Latino men were frequently depicted as being highly aggressive and also with low levels of emotional maturity, i.e. criminals, low-life thugs or the highly passionate, even violent, love interest of the starring character. Latino women, Latinas, were similarly portrayed when it came to their sexuality, but where as Latino men could be in a position of authority, albeit within an anti-social, criminal setting, Latinas were oftentimes characters with much less authority, such as housemaids, domestic servants or even prostitutes.

Traditionally, even without the usage of these stereotypes, it was rare for a Latino or Latina character in a film to be the star, unless the film was primarily marketed to a Latino audience. Behind the camera, it is still difficult for a Latino film producer, director, screenwriter or cinematographer to have mainstream commercial success.

However, as the social attitudes and biases change, there has been a gradual improvement in film depictions as well as in career opportunities for Latin Americans.

==History==
The negative stereotyping of Latinos in film relates to the history of Latinos. Mexican Americans were seen by Anglos as uneducated and lacking integrity and thus unworthy of the rights to citizenship. Early films portrayed these negative stereotypes of Mexicans and Mexican Americans, but as time went on these stereotypes expanded to Central and South Americans. In the late 1890s, few Latinos were involved in filmmaking or appeared as actors in films. The Latinos that did appear in films or produced films were from privileged backgrounds. At this time, the late 1890s, filmmaking consisted of silent films. Myrtle Gonzalez and Beatriz Michelena were among the few Latinos to create silent films. In the 1910s and 1920s, a few film production companies rose to dominate the industry, forcing the depletion of Latinos working in film production. It was not until the 1970s that Latinos reemerged in the field of film production.

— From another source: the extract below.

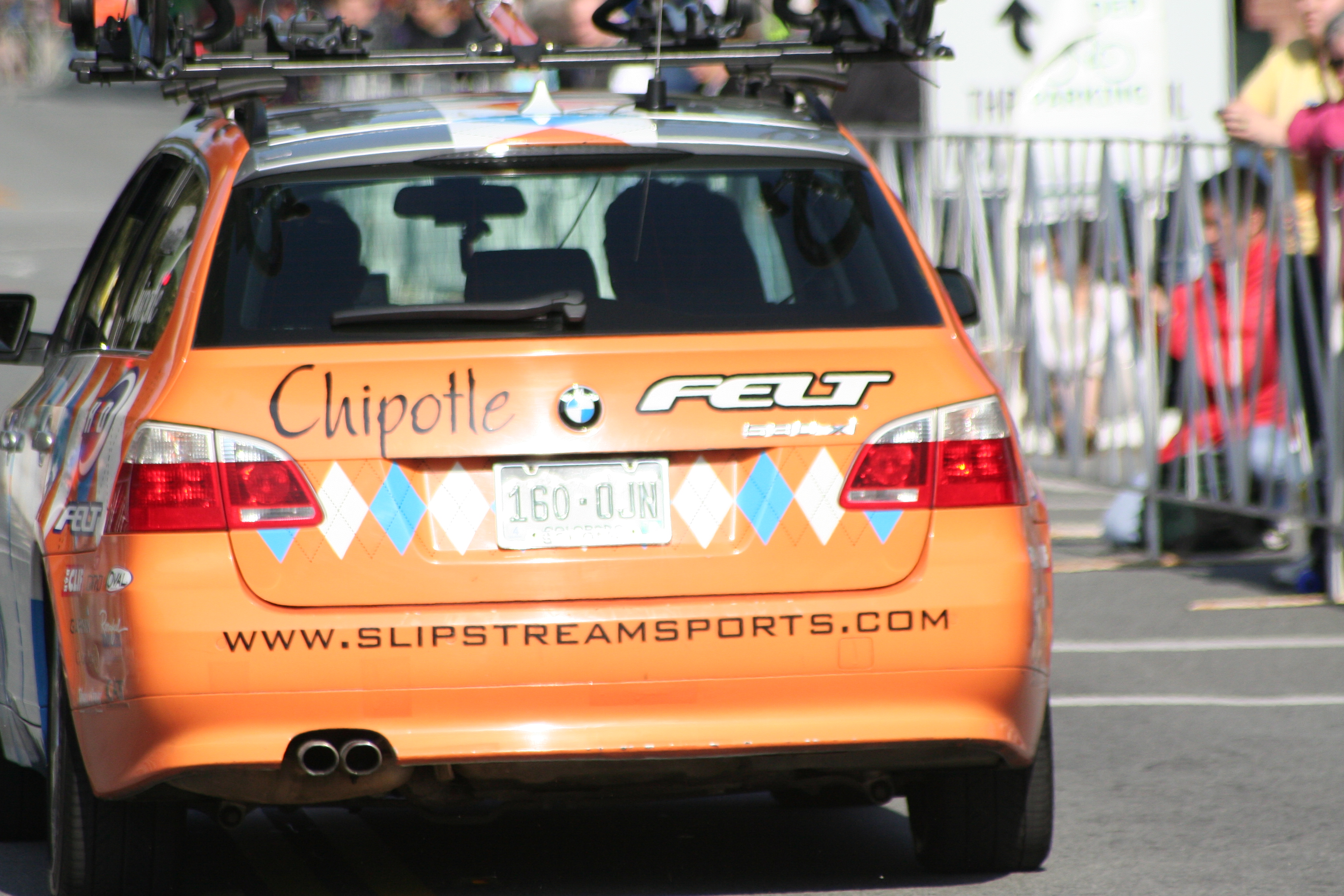 Team Slipstream Car

Silent western films were the first films to feature Latino characters. The Latino characters often played the role of the rebellious "greaser" opposing the white hero. The term "greaser" is used to describe Mexican bandits and other lazy, untrustworthy Mexican characters. Tony the Greaser and The Greaser's Revenge were two movies that capitalized on this storyline. These films helped to start the trend of establishing Latino characters as "others" in contrast to whites. The Mexican government in the 1920s complained and boycotted Hollywood films. These boycotts and complaints led film producers to disassociate negative Latino characters from identification with any particular country. This led to pan-Latino representations which were still negative, just not associated with one particular country.

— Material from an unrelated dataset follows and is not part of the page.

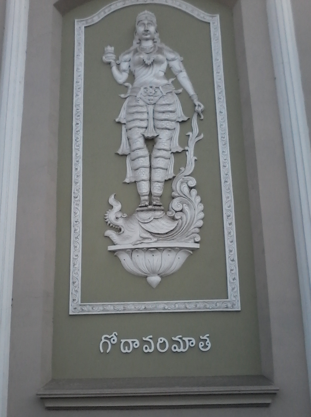 Statue of Mother Godavari at Rajahmundry Railway station

The mid-1920s led to a few opportunities for Latino actors and actresses. The popularity of the Italian actor Rudolph Valentino, the original "Latin lover", created opportunities for Latino actors and actresses such as Ramón Novarro, Dolores del Río, Lupe Vélez, Carmen Miranda etc. These actors were cast as major roles as passionate Latin lover types and became international stars in silent films. The Latin lover image capitalized on notions that Latinos were innately passionate and sexual. The Latin lover image still exists today along with Latinos being viewed as villains and servants.

==Changing times==
Just as the population of Latinos is rapidly rising in the United States in the 21st century, Latinos are also emerging (although not as quickly as the population) in media, including motion pictures, both in front of and behind the camera. Mainstream news media conglomerates are finally covering "Latinos in Film" news, and also offer ground-breaking coverage specifically aimed at spotlighting Latinos in film, such as The Huffington Posts Latino Entertainment page. News not only highlights Latino celebrities, but Latino filmmakers of both studio and independent movies. Additionally, a small handful of organizations have emerged in the 2000s that advocate for Latinos rights and opportunity in the field of entertainment in the United States, as well as raising awareness of these rising talents, including the National Association of Latino Independent Producers (NALIP), The Latino Film Fund (LFF) and Edward James Olmos' Latino International Film Institute.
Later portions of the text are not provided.